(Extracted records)
* * * * *

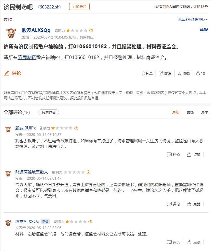界面新闻记者梳理发现,股吧的很多网友都表示在6月12日以前,曾通过直播、公众号、股票群等途径听信各种各样的“老师”荐股,重仓买入了济民制药。
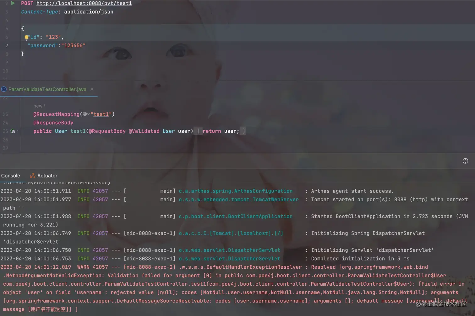 最后,在使用 @Validated 注解的 Controller 中,对请求参数使用自定义的 @ValidEnum 注解进行验证
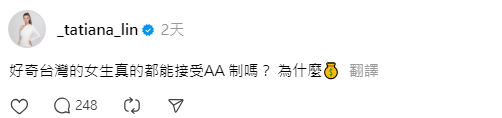 佳娜在Threads發問,「台灣的女生真的都能接受AA制嗎?為什麼?」。(翻攝自Threads)
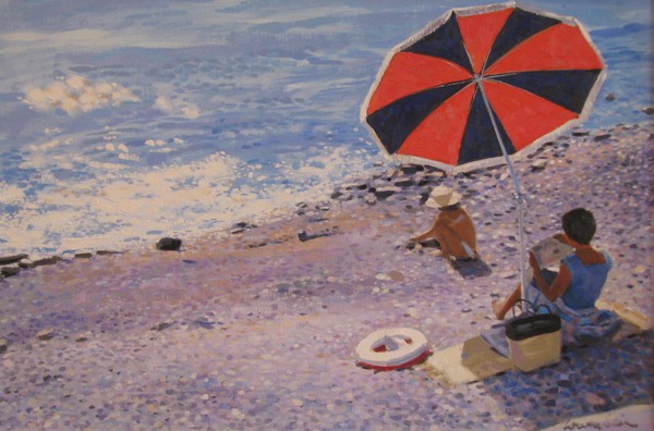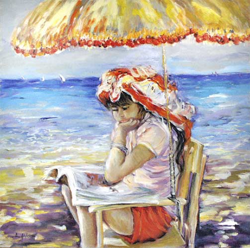 La lectrice de Michael Lowenbein lit-elle à haute voix une histoire qui se perd dans les vagues de l’océan, sa fille occupée à écrire son nom dans le sable? Et si c’est le cas, quelle histoire peut-elle bien lui lire un dimanche matin sur la plage?
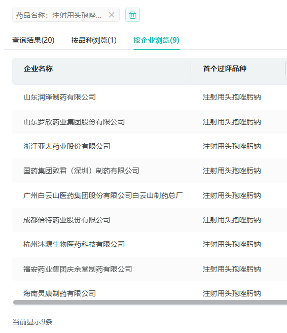 目前国内有41家药企拥有注射用头孢唑肟钠的生产批文,其中有浙江亚太药业、山东罗欣药业、成都倍特药业等9家药企过评。
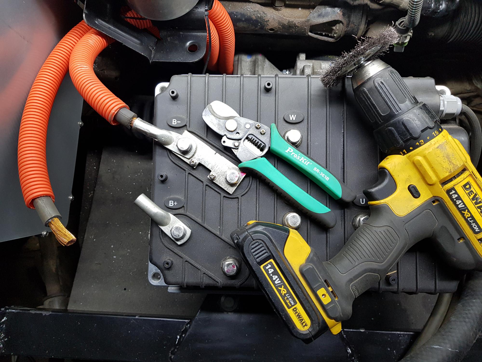 Установил на места зарядное, насос ГУР, мотор и контроллер:
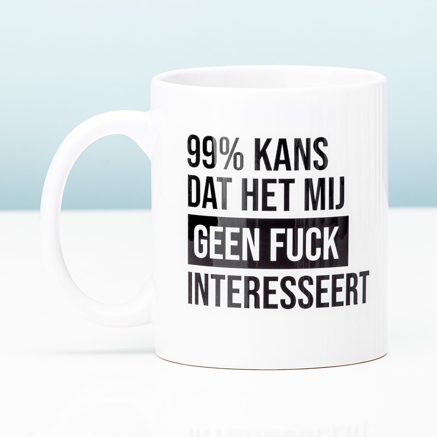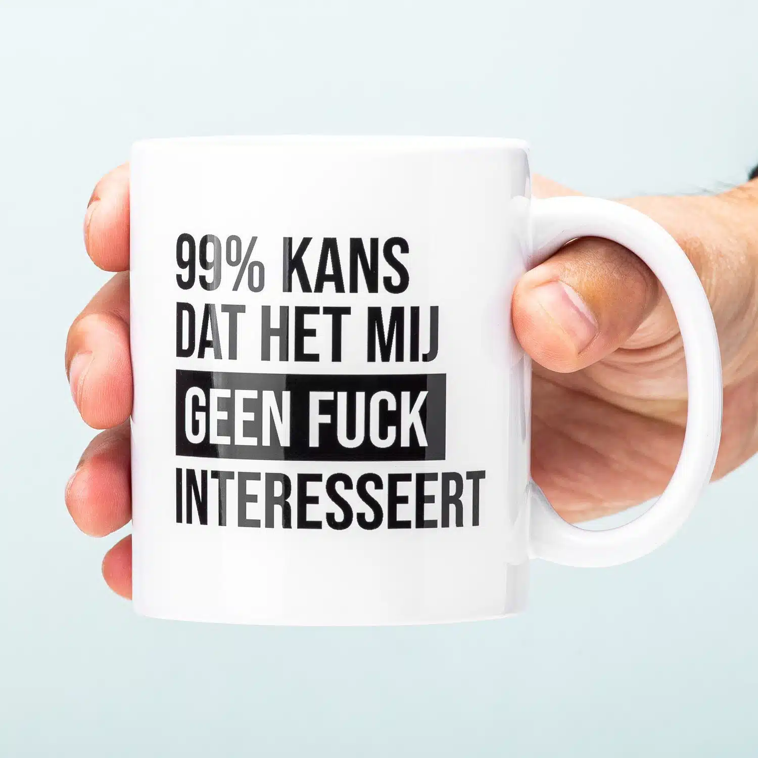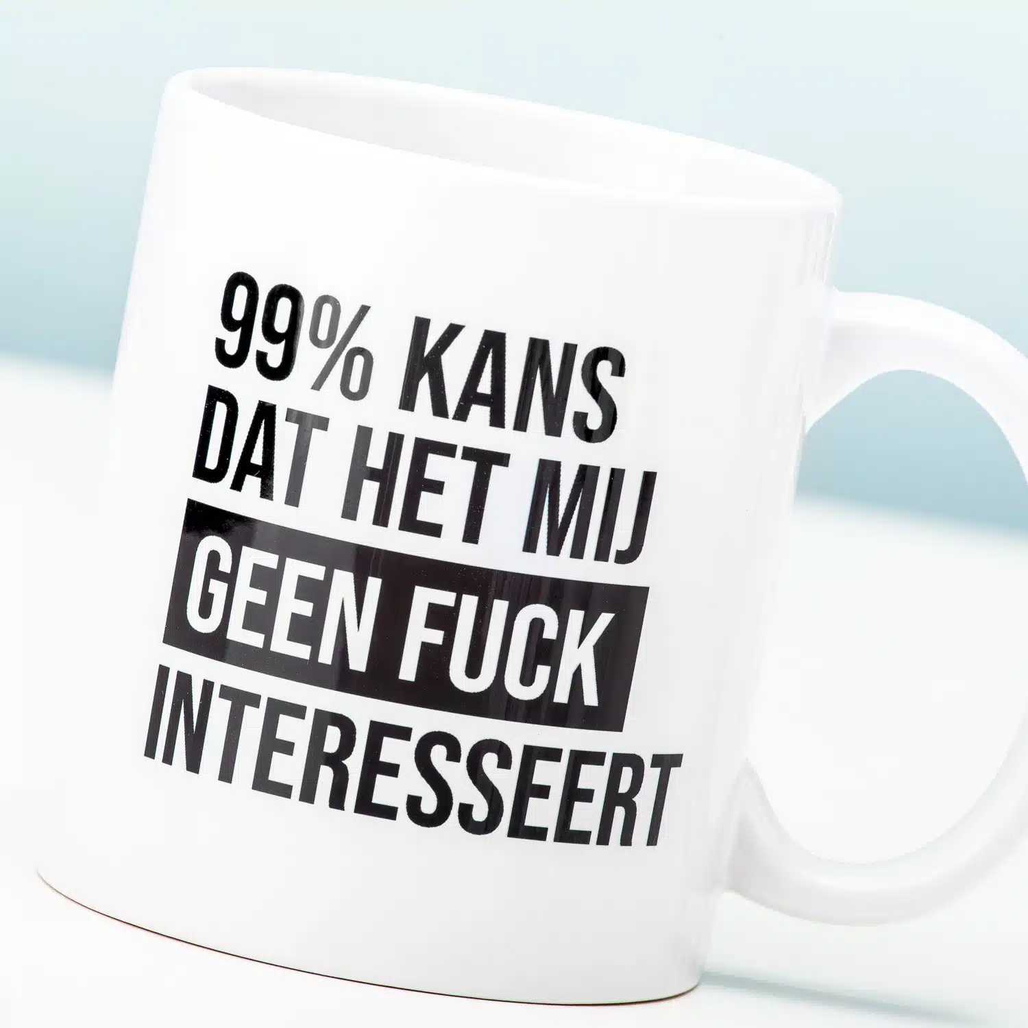 Geen zin in de babyverhalen van je vriendin? Kan het je weinig schelen wat je collega’s te vertellen hebben in een vergadering? En luister je liever niet naar jouw docent? Met de 99% kans mok maak je iedereen kenbaar hoe interessant je hun verhalen vindt. Op de beker staat de tekst: 99% kans dat het mij geen fuck interesseert. Lekker duidelijk, toch?

* * * * *

*WHAT IS REQUIRED*. Beginning with the line above that contains "La lectrice de" and ending with the line that contains "目前国内有41家药企拥有注射", quote each line exactly, keeping out the pictures.

*ANSWER SECTION*.
 La lectrice de Michael Lowenbein lit-elle à haute voix une histoire qui se perd dans les vagues de l’océan, sa fille occupée à écrire son nom dans le sable? Et si c’est le cas, quelle histoire peut-elle bien lui lire un dimanche matin sur la plage?
 目前国内有41家药企拥有注射用头孢唑肟钠的生产批文,其中有浙江亚太药业、山东罗欣药业、成都倍特药业等9家药企过评。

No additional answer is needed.